Bobby didn’t touch that statement, and she was grateful.

“We should find his gym,” he said now. “Check out his regimen. Inquire about known supplements.”

“ ’Roid rage?”

“Worth asking about.”

They moved out of the master, into the adjoining bath. This room, at least, had a splash of personality. A brightly striped shower curtain was drawn around an old claw-foot tub. A yellow-duckie area rug dotted the tiled floor. Layers of blue and yellow towels warmed up wooden towel racks.

This room also displayed more signs of life-a Barbie toothbrush lying on the edge of the sink, a pile of purple hair elastics in a basket on the back of the toilet, a clear plastic spit cup declaring “Daddy’s Little Princess.”

D.D. checked the medicine cabinet. She found three prescription bottles, one made out to Brian Darby for Ambien, a sleep aid. One made out to Sophie Leoni, involving some kind of topical eye ointment. A third for Tessa Leoni, hydrocodone, a painkiller.

She showed the bottle to Bobby. He made a note.

“Have to follow up with the doc. See if she had an injury, maybe something from the job.”

D.D. nodded. Rest of the medicine cabinet held a plethora of lotions, shaving creams, razors, and colognes. Only thing of note, she thought, was the fairly impressive stash of first-aid supplies. Lotta Band-Aids, she thought, in a lotta different sizes. A battered wife, stockpiling for inevitable repairs, or just life as an active family? She checked under the sink, found the usual mix of soap, toilet paper, feminine hygiene products, and cleaning supplies.

They moved on.

The next room clearly belonged to Sophie.

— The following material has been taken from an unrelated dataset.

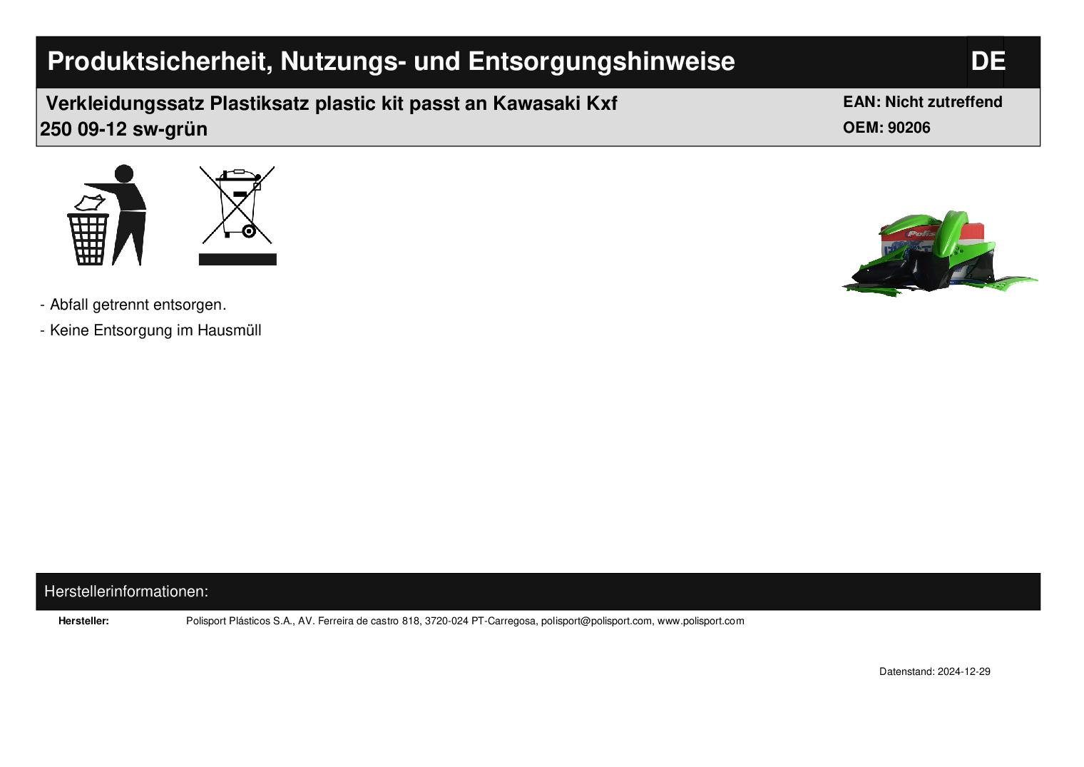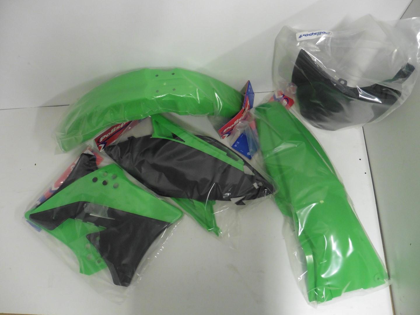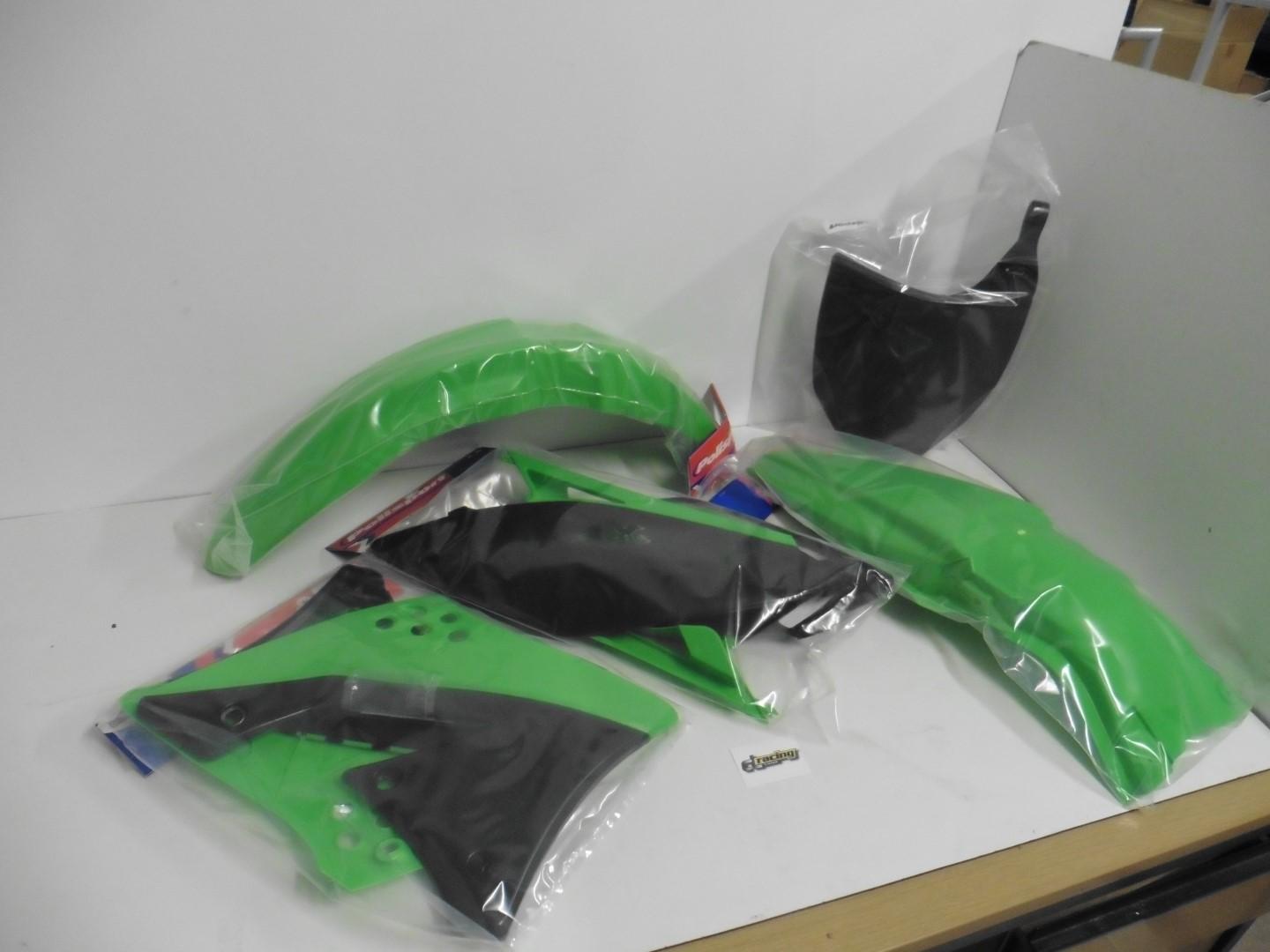 In dieser Auktion gibt es folgenden Artikel zu kaufen: Verkleidungssatz (ähnlich Foto) Modell: passend für Kawasaki KXF 250 Bj.: 09 - 12 Lieferumfang: Tankverkleidung links + rechts Seitenverkleidung links + rechts Schutzblech vorne Schutzblech hinten Startnummerntafel Artikelzustand: neu Hierbei handelt es sich um kein Orignalteil. Bei Unklarheiten oder Fragen bitte erst E-Mail schreiben.

Soft pink walls, with stenciled flowers in pale green and baby blue. A flower-shaped rug. A wall of bright white cubbies brimming with dolls, dresses, and glittering ballet shoes. Tessa and Brian lived in a dorm. Little Sophie, on the other hand, inhabited a magical garden complete with bunnies running along the floorboards and butterflies painted around the windows.

It was beyond obscene, D.D. thought, to stand in the middle of such a space, and start looking for signs of blood.

Her hand was pressed to her stomach. She didn’t even notice it as she carefully began her first visual inspection of the bed.

“Luminol?” she murmured.

“No hits,” Bobby responded.

Per protocol, the crime-scene techs had sprayed Sophie Leoni’s sheets with luminol, which reacted with bodily fluids such as blood and semen. The lack of hits meant the sheets were clean. Which didn’t mean Sophie Leoni had never been sexually assaulted; just meant she hadn’t been recently assaulted on this set of linens. The crime-scene techs would also check the laundry, even pull bedding out of the washing machine if necessary. Unless someone knew to clean all items in bleach, it was amazing what the luminol could find on “clean” linens.

More things D.D. didn’t want to know while standing in the middle of a magical garden.

She wondered who had painted this room. Tessa? Brian? Or maybe the three of them working together back in the days when the love was still new and the family felt fresh and committed to one another.

She wondered just how many nights had passed before Sophie woke up to the first sound of a distinct smack, a muffled scream. Or maybe Sophie hadn’t been sleeping at all. Maybe she’d been sitting at the kitchen table, or playing with a doll in the corner.

Maybe she’d run to her mother the first time. Maybe…

Ah, Jesus Christ. D.D. did not want to be working this case right now.

She fisted her hands, turned toward the window, and focused on the weak March daylight.

Bobby had stilled next to the wall. He was studying her, but didn’t say a word.

Once more, she was grateful.

“We should find out if there’s a favorite snuggle toy,” she said at last.